Source:Telegeography
Related:






Stumble It!

January 14th, 2007
The map of cables may suggest redundancy, but soon it will be a month since the earthquake and internet access inside Mainland China is still completely spavined.
January 15th, 2007
actually i think the earthquake illustrates how over-reliance upon specific physical links weakens the internet. traffic from mainland china to the rest of the world has been greatly affected since dec. 26., with repairs being pushed back farther and farther due to severe conditions. the costs to u.s.-based businesses such as dell computers has been huge.

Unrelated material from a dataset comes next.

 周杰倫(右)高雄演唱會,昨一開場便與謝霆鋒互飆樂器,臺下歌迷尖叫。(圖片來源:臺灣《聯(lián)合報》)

http://english.ohmynews.com/articleview/article_view.asp?article_class=4&no=339915&rel_no=1
January 15th, 2007
An update on that from the FT which pretty much usually gets it right:
Turning back the clock to fix Asia’s deep-sea phone cable
By Kathrin Hille in Taipei
In 1850, a ship called Goliath laid the first submarine telegraph cable
linking Britain and France. The cable, which consisted of a single wire
insulated with rubber, failed a few hours after reaching France - a French
fisherman had hauled it in with his catch and to free it had to cut the
cable.
Nowadays submarine cables, mostly using fibre-optic technology, link all the world’s continents except Antarctica in a sophisticated global
telecommunications system used by billions.
But on December 27, international phone lines and internet connections
across most of Asia almost collapsed when an earthquake measuring 6.7 on the Richter scale hit off Taiwan’s southern coast.

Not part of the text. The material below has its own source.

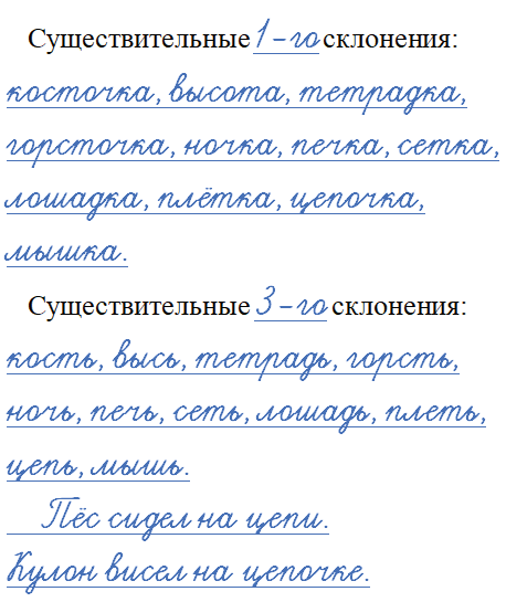 Существительные 3-го склонения: кость, высь, тетрадь, горсть, ночь, печь, сеть, лошадь, плеть, цепь, мышь.

Telecoms companies say services are back to normal, but users in the region and in Europe trying to call Asia are still experiencing bad lines and
difficulty in making connections.
Global Marine, a private UK company specialising in laying and repairing
undersea cables and which traces its origins back to the 1850 operation, has three ships in the Bashi Channel between Taiwan and the Philippines where it is working on three of the 21 cable faults that the quake caused.
Ian Douglas, Global Marine Asia director, says the bulk of the affected
infrastructure lies at such great depths and in such a challenging
environment that the company has had to resort to old-fashioned techniques.

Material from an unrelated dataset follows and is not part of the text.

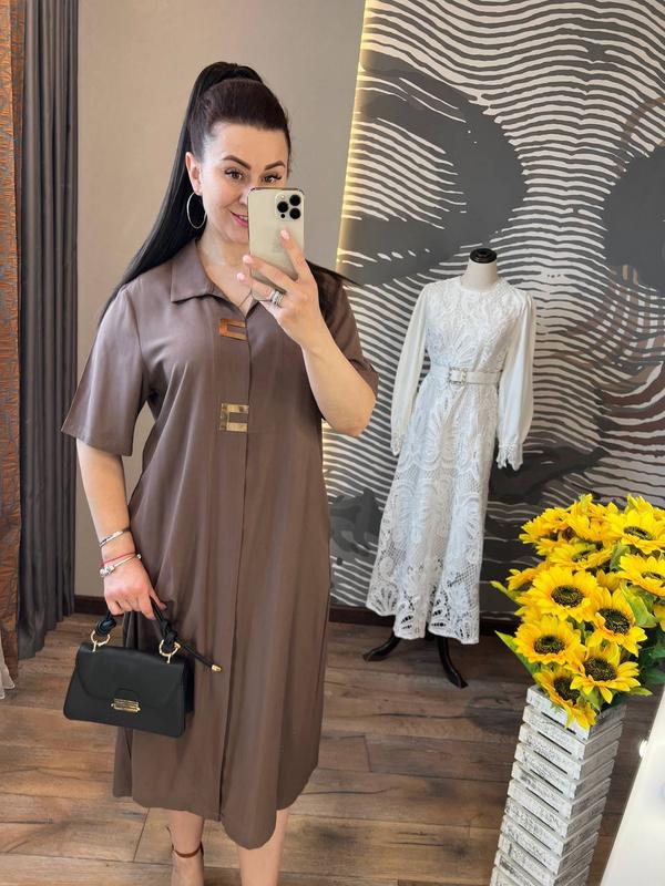 стильна сукня в стилі спорт шик це невід'ємна частина нашого сучасного гардеробу, легка сукня вільного силуету з акуратним вирізом на грудях, зручними кишенями, та рукавами 3/4 затишна та комфортна в побуті, у неї закохуєшся в першу хвилину, сукня виготовлена з приємного до тіла котону з еластаном, прикрашеного декором золотистого кольору розміри 50, 52, 54, 56, 58 залежно від розміру довжина 115-118 см, обʼєм грудей по виробу від 112 до 128 см, довжина рукава від шиї 55-58 см код LR 230834

“Normally we would use unmanned submarines to bring the cables up to our ship and repair them there, but these remotely controlled vehicles can only go down to 2,000 to 2,500 metres,” he said. “The cables we’re dealing with here lie up to 4,000 metres deep.”
So the repair ships are using a traditional technique instead: they sail
back and forth across what they estimate is the cable’s path and try to pick it up with a grapnel hook.
“It’s a jungle down there,” says Mr Douglas.
The cable systems connecting Asian countries with each other and the outside world are large loops that all pass through the Bashi Channel, the
best-placed strait connecting north-east and south-east Asia.
The high concentration of undersea cables means once one cable is picked up, it might drag others with it. The crews seek to cut the cable and attach its two ends to buoys before making the repairs and linking the two ends again.
But the Bashi Channel has some of the strongest currents in the world, and the crews work in winds of up to 30-40 knots.
“We need to use special buoys that will not just be swept away and vanish,” says Mr Douglas.
Moreover, many cables that run east-west were buried under the seabed in the quake.
Although the telecoms companies know the original path of their cables and can determine with lasers where they are broken, the crews on the ships cannot see what the seabed looks like, so progress is hard to predict.
Global Marine’s work has been delayed because it needed to fly in new
equipment for a cable between south China and Taiwan.
If everything goes smoothly, this repair will be finished next week and the
other two faults the company is working on are scheduled to be repaired by the end of the month.